Die obigen Argumente gegen die Steigerung von „tot“ sind allesamt unlogisch, da sie auf der falschen Annahme beruhen, ein Eigenschaftswort wäre identisch mit der darin genannten Eigenschaft. Tatsächlich beschreibt ein Eigenschaftswort aber die genannte Eigenschaft nur, und beschreiben kann ein Sprecher das Beschriebene immer so, wie es ihm am geeignetsten dünkt – z.B. auch auf dramatisch gesteigerte oder poetisch geschönte Art. Menschliche Sprache ist kein logisches Kalkül, sondern ein Kommunikationsvehikel, in dem u.a. auch bei der Wortwahl Gefühle (z.B. wie ich zu dieser Eigenschaft stehe), Stilistik und auch andere Momente außerhalb der Basisbedeutung einfließen können, und so zum Empfänger der Nachricht weitertransportiert werden. Soviel dazu von mir als Mathematiker. Mit Gruß aus Japan
Viele der hier gegebenen Antworten finde ich richtig. Aber diese kommt mir am richtigsten vor. Vielleicht weil ich kein Mathematiker bin, sondern Literaturdozent. Gruß nach Japan
Wenn man nicht so recht weiss, welche Postition man beziehen will, kann man das Ganze auch ins Humoristische (ins Lächerliche?) ziehen. Das ist dann eine ähnliche Haltung, wie sie die Deutschlehrerin eingenommen hat. Tatsache ist doch, dass Wörter mit einem absoluten Sinngehalt nicht gesteigert werden sollten: weiss, schwarz, einzig, absolut, tot usw. sind solche absoluten Begriffe, ihre Steigerung ist schlicht unsinnig.
Nun, tot ist tot, töter gehts nicht.
Ansonsten fällt mir hierzu spontan die scherzhafte Steigerung von „imposant“ ein: imposand, imhinternsteine, imarschgeröll.
Ist das nun richtigerer oder falscherer Unsinn als „richtig“ oder „falsch“ steigern zu wollen? Mal ehrlich: Wörter wie richtig, falsch, schwanger, tot, rot, weiß, blau und total kann man nicht steigern. Etwas kann vielleicht kräftig knallrot sein (Gummiboote z.B.) oder blaßrot, karminrot oder blutrot, aber davon daß nun einer der Rottöne „roter“ wäre als der andere kann man wohl nicht reden.

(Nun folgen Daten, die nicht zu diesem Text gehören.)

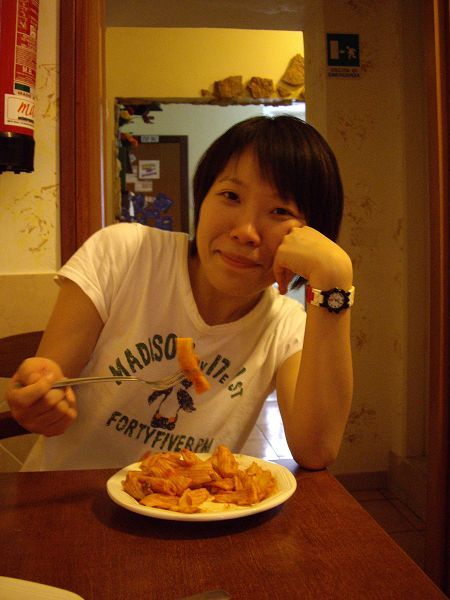 拖著沈重的步伐,看著依舊明亮的天色,我們準備回旅館吃免錢的晚餐~~

Und „korrekt“ kann man ebenfalls nicht steigern, schon gar nicht kann etwas „politisch“ korrekt sein. Wenn etwas „politisch korrekt“ sein soll, wie wäre es dann im Vergleich zu etwas das einfach nur „korrekt“ wäre? „Unkorrekt“ natürlich! Oh, und „politisch“ ist ja wohl auch nicht steigerbar. Es sei denn, man will jemanden beleidigen.
Sie meinen >davon daß nun einer der Rottöne „roter“ wäre als der andere kann man wohl nicht reden.<
Da möchte ich widersprechen:
Grammatikalisch geht das. Ob es stilistisch oder inhaltlich passt, hängt vom Zusammenhang ab.
Die Rede davon, dass "das Graß am anderen Ufer grüner" sei, z.B. ist nicht nur eine eingespielte Floskel sondern sie ist auch pragmatisch kürzer (als z.B. von "einem tieferen Grünton" zu sprechen).
Ähnlich sieht es mit "richtig" aus, wo die Frage unscharf ist:
Wenn ich sage "Hamburg hat zwischen 1,7 und 1,8 Millionen Einwohner", ist das richtig oder falsch (wenn es 1.800.001 sind, stimmt die Aussage nicht mehr).
Wenn ich schreibe "Hamburg hat ungefähr 2 Millionen Einwohner", verläuft die Grenze nicht so eindeutig. Es gibt logischerweise einen Graubereich, in dem ein einzelner Einwohner mehr oder weniger aus der richtigen Aussage keine falsche Falsche Aussage macht (freilich kann man auf "richtig" und "falsch" in dem Zusammenhang natürlich auch verzichten und von mehr oder weniger "genauen" Aussagen schreiben. Legitim und grammatikalisch möglich ist Beides).
„Wie geht es dem Kranken? – Es geht ihm schon besser, aber noch nicht so richtig gut.“ Ok, „besser“ ist der Komparativ. Ist jetzt „gut“ der Superlativ oder „toll“?
Das ist der einzig(artig)ste Artikel, den ich hier bisher lesen durfte. Noch einzigster in seiner Art geht es kaum … oder doch?
Ich möchte hier aus dem „Gepfeferten Sprüchbeutel“ zitieren:
„Zur Zeit ein Narr sein, ist auch Kunst und Weisheit.“
Will sagen: Nach Quatsch kann man lachen. Und lachen ist gesund und am absolutesten immer zu bevorzugen.
Warum: tot, toter, am totesten
und nicht: tot, töter, am tötesten?
Das ist mal ein richtiger Text, der einen richtig zum Nachdenken bringt, bis man das (für sich) Richtigste herausgefunden hat… Frohes Neues!